Beginning with the least expensive loan, here are the more common education loan programs.

Federal Perkins Loans

Students borrow funds offered by the federal government through their school. Not all schools offer Perkins Student Loans. The interest rate is fixed at 5%.

Federal Stafford Loans

Students borrow funds via the federal government's Direct Loan Program. The Stafford Student Loan may be subsidized where the government forgives the interest while the student is in school, in grace and in deferment, or unsubsidized where the borrower pays the interest over the entire life of the student loan. You may be awarded some of both types. The interest rate for Direct Subsidized student loans disbursed between July 1, 2011 and June 30, 2012 has been set at 3.4% for undergraduate students. On July 1, 2012 this rate will increase to 6.8% and be fixed for the remaining life of the loan, unless there is further legislative change. The interest rate for all unsubsidized and graduate subsidized Stafford Student Loans is 6.8%.

Federal PLUS Loans

Graduate and professional degree students, as well as parents of undergraduates, can borrow PLUS Loan funds via the federal government's Direct Loan Program. The interest rate is fixed at 7.9% and interest begins to accrue from the date of the first disbursement until the loan is paid in full. The first payment is due within 60 days after the final disbursement. Parents may defer repayment based on the dependent student's in school status and receive a six month grace period after the student ceases to be enrolled at least half time but only for PLUS loans disbursed on or after July 1, 2008. See our Managing Your Repayment section for information on deferments for Grad PLUS loans.

Private Student Loans

Students may borrow funds through a private student loan program established by a lending institution. Each private student loan program offers its distinctive set of loan terms and is generally, but not always, more expensive than federal student loans.

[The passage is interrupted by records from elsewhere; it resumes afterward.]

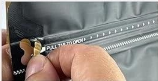
1. Tear open the zipper on the bag
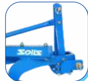
HEAVY DUTY 3 POINT LINKAGE
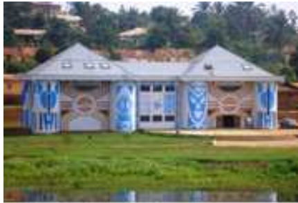
Musée des civilisations in Dschang (Main facade)
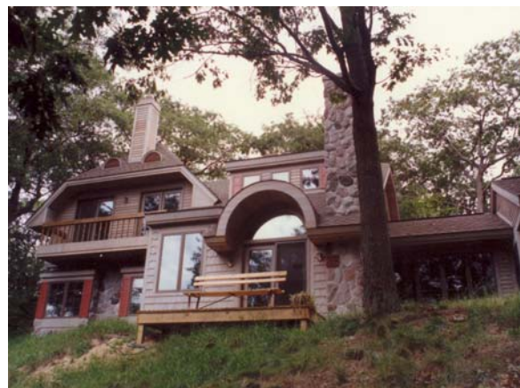
Private Residence Ludington, MI

New Parish Hall for St. Stanislaus Parish Ludington, Michigan
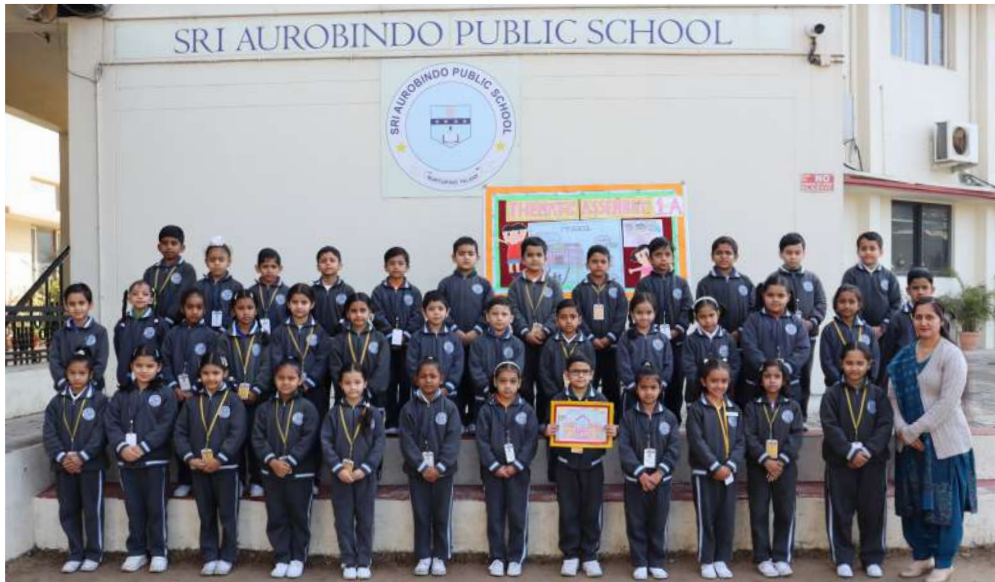
CLASS I-A (Topic: My School)

Thematic Assemblies are organized once a week and help to instill self confidence, self esteem, and teamwork. These assemblies provide students a platform to perform and ward-off stage fright. most students are able to participate.
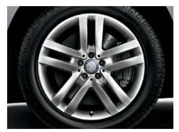
19" twin 5-spoke (GL350 BlueTEC and GL450)
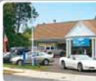
AUTO DEALERSHIPS Stockburger Chevrolet/Chrysler Newtown, PA
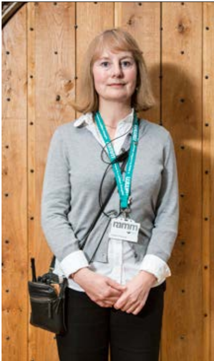
A member of staff
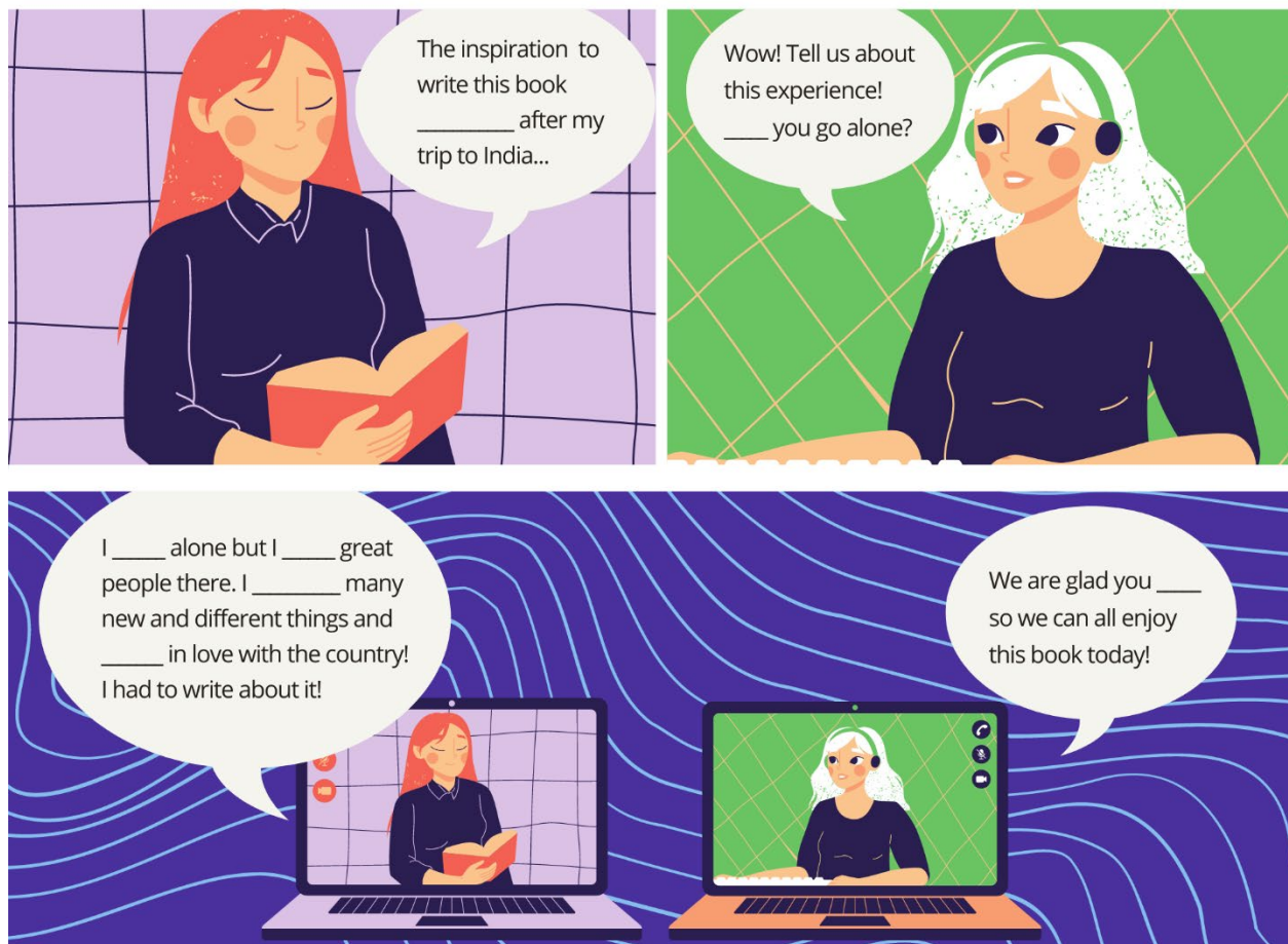
Comic strip 5

TASK 3: Now look at the comic strip below (comic strip 5) and try to fill the blanks, using the verbs above in the past tense.
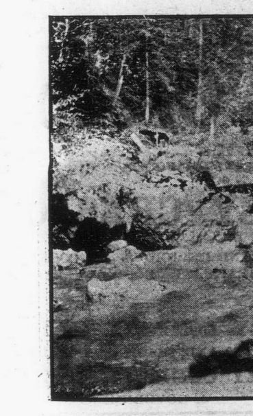
ALBERNI, COOS CREEK.
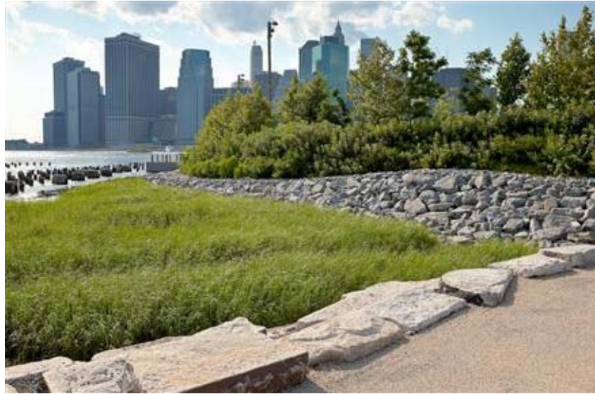
Shorelines in our estuary vary widely, but there is little known about the habitat quality associated with various types

The New York-New Jersey Harbor & Estuary Program has selected a team of researchers to move forward with a new project to study our urban shorelines.
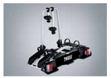
TOWBALL MOUNTED BIKE CARRIER (TWO)
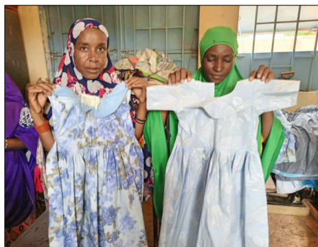
Showing off new dressmaking skills

In Niamey, a group of 30 recovering fistula patients were provided in-depth training in sewing.
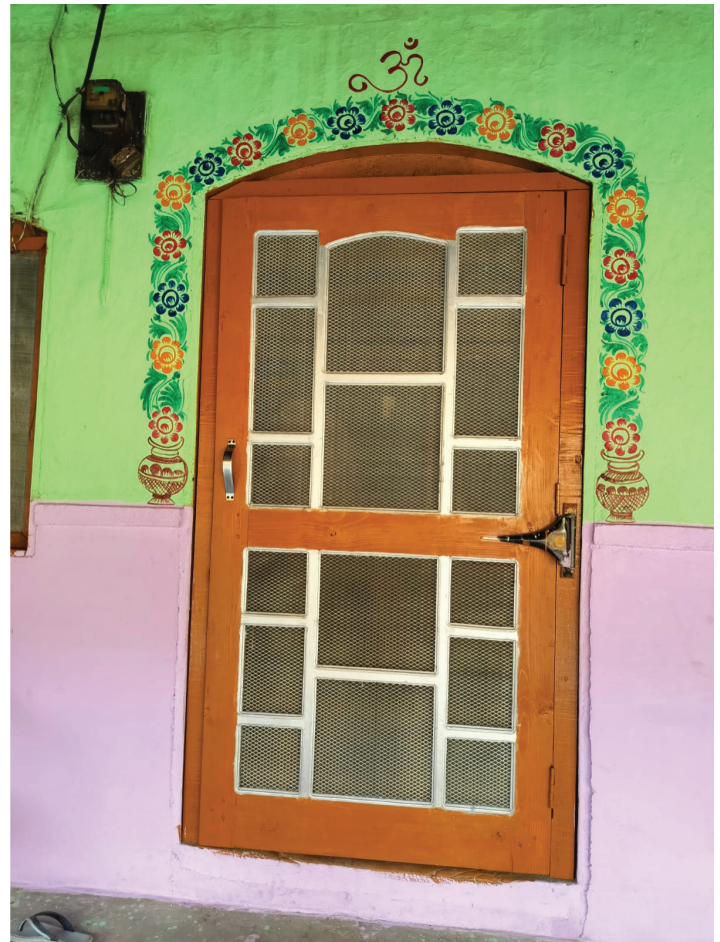
Fig. 2: Traditional Art on Doorways and Windows (Likhnus)

( Bauhinia variegata ). In this idyllic setting, the people of Kangra live in harmony with nature, celebrating life's joys through dance and song.
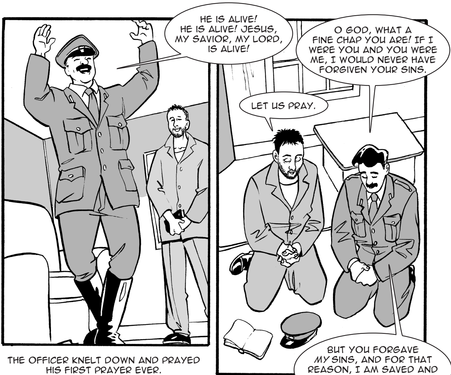
THE OFFICER KNELT DOWN AND PRAYED HIS FIRST PRAYER EVER.
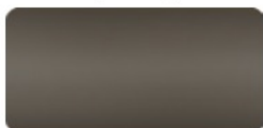
BEIGE GREY (VSR 780)
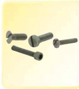
P1000 Machine screws.
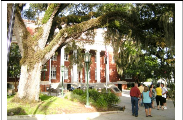
Civic buildings in small towns can be grand.
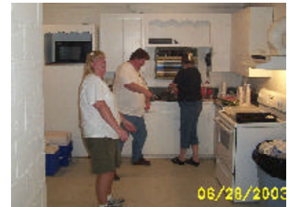
Don't tell anyone we dropped the roast on the floor?
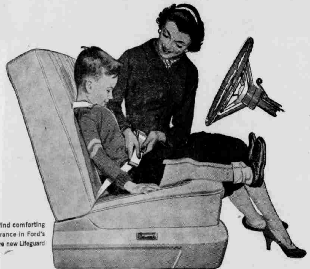
You'll find comforting reassurance in Ford's exclusive new Lifeguard Design.

HEPPNER HARDWARE & ELECTRIC THE LOYAL PARKERS
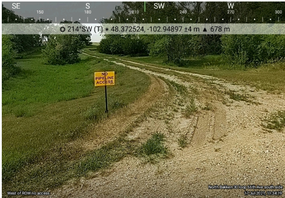
View of No Access sign installed at 66 th Avenue along the Line Section 30 Loop.
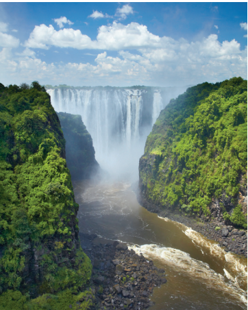
Victoria Falls, the "smoke that thunders"

Day 10: Chobe National Park/South Luangwa National Park, Zambia This morning we board a plane for the flight to South Luangwa National Park. Here in one of Africa’s last stretches of pristine wilderness we have the chance to get closer to the animals than anywhere else. Late afternoon we engage in some of the lodge’s
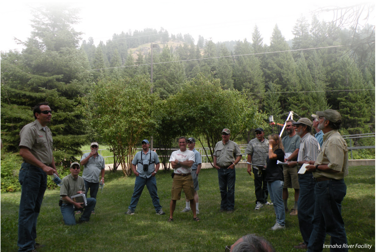
Imnaha River Facility
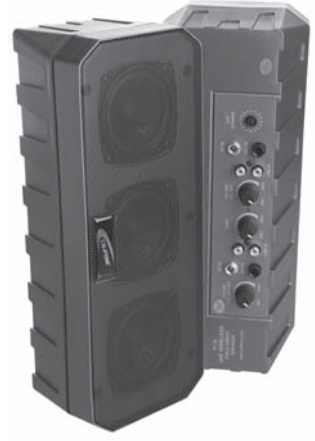
PI30 16-Channel UHF Powered Speaker
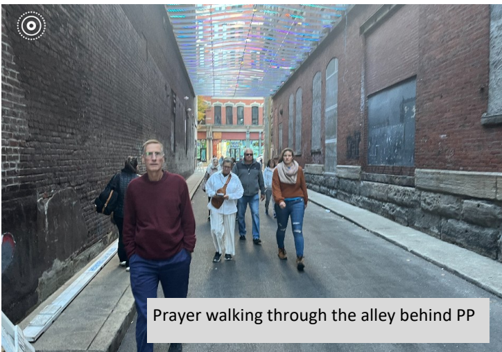
Prayer walking through the alley behind PP

We will continue these Jericho Marches around PP until those spiritual walls of darkness come crashing down... in God's time!
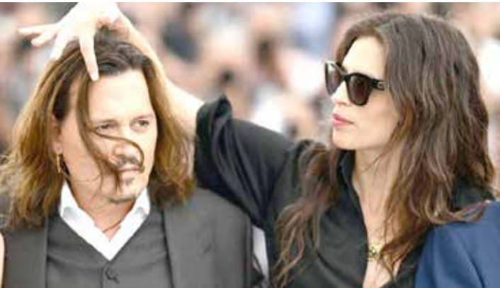
French actress and director Maiwenn adjusts the hair of US actor Johnny Depp
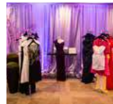
UNVEILED Washingtonian Bride & Groom hosted its sixth annual Unveiled wedding showcase at the Park Hyatt Washington DC on January 26.
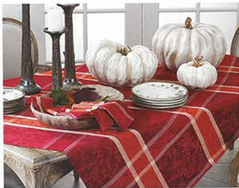
Elegant scrollwork and a crisp autumn-inspired color palette adorn the tablecloth and napkins from Saro's Pumpkin Collection, made of 100% polyester ($5, napkin; $49, tablecloth). B19-E-7, 9-D-10
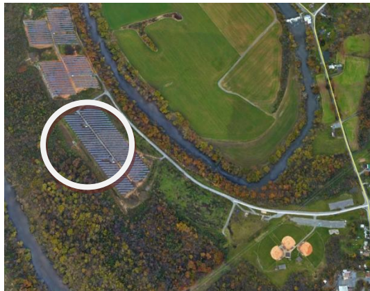
Maietta Rubble LF, Washington County
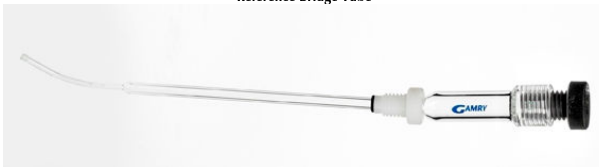
Figure 3 Reference Bridge Tube

Insert the reference electrode into the #11 thread at the upper end of the bridge tube. It must contact the test solution inside the tube. Various reference electrodes that work with this system are available. Contact us for details.
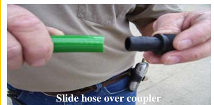
Slide hose over coupler
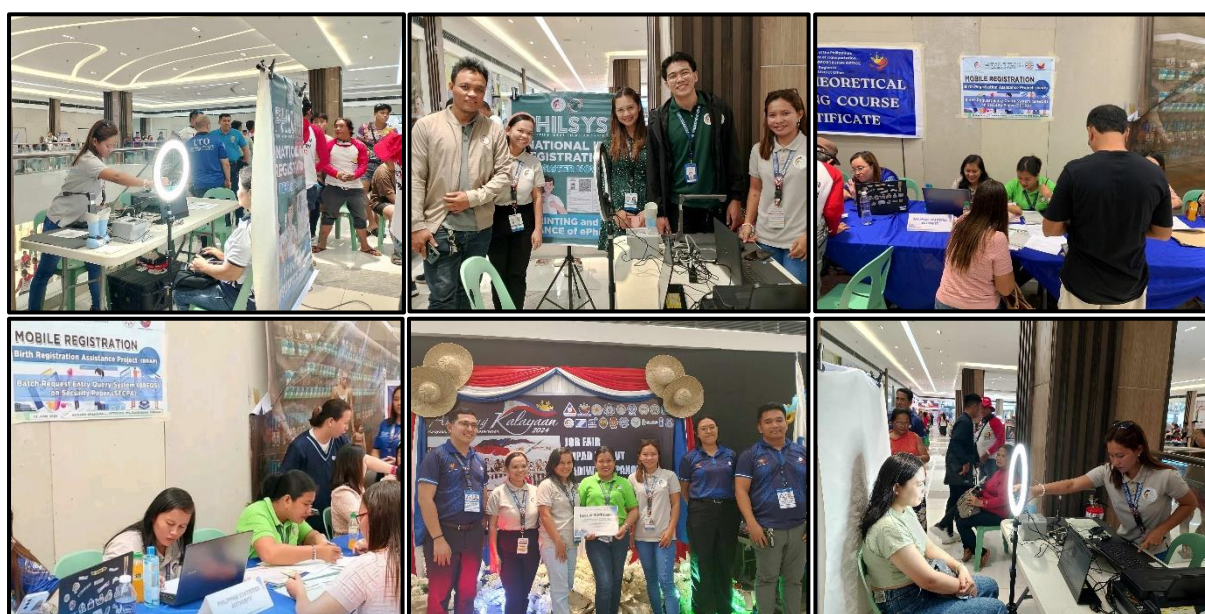
Snapshots during the 126 th Araw ng Kalayaan One-Stop Services at Gaisano Grand Mall, Ipil, ZSP

The Philippine Statistics Authority – Zamboanga Sibugay proudly participated in the One-Stop Shop services initiated by the Department of Labor and Employment – Zamboanga Sibugay Field Office (DOLE-ZSFO) in celebration of the 126 th Araw ng Kalayaan held at Gaisano Grand Mall, Ipil, Zamboanga Sibugay, on 12 June 2024, bringing valuable services and information to the local community.
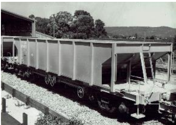
As built ex TOMLISONS 1965

Back home here, WESTRAIL converted 10 of the WSH to ng and hence the XM. The gauge conversion was done by pushing the wheels inwards on the axles. They look a little funny but work. Due to the high underframe height, a drop-down head coupler was used courtesy of the design talents of the late Mick Beavan.

Before you borrow, read the loan terms and know who your lender is. The financial aid office has more detailed information about these different student loan options.

Apply for one of our private student loan products

 
 
 TIPS
 
  • Look for discounts and borrower benefits that lower the interest rate, fees or principal.
  • Keep track of your student loans by maintaining accurate records and copies of documents such as promissory notes, lender / servicer information, correspondence and a telephone log.
  • Calculate your estimated monthly payment before you borrow.
  • Note if there is a third party involved that services your student loan or if your loan is sold. The servicer will manage your student loan and this is where you will send payments.
  • Notify your lender (or its servicer) of any information that has changed such as your name, address, school status, etc.
  • Save money by paying your student loan off early. There are no penalties for pre-payment.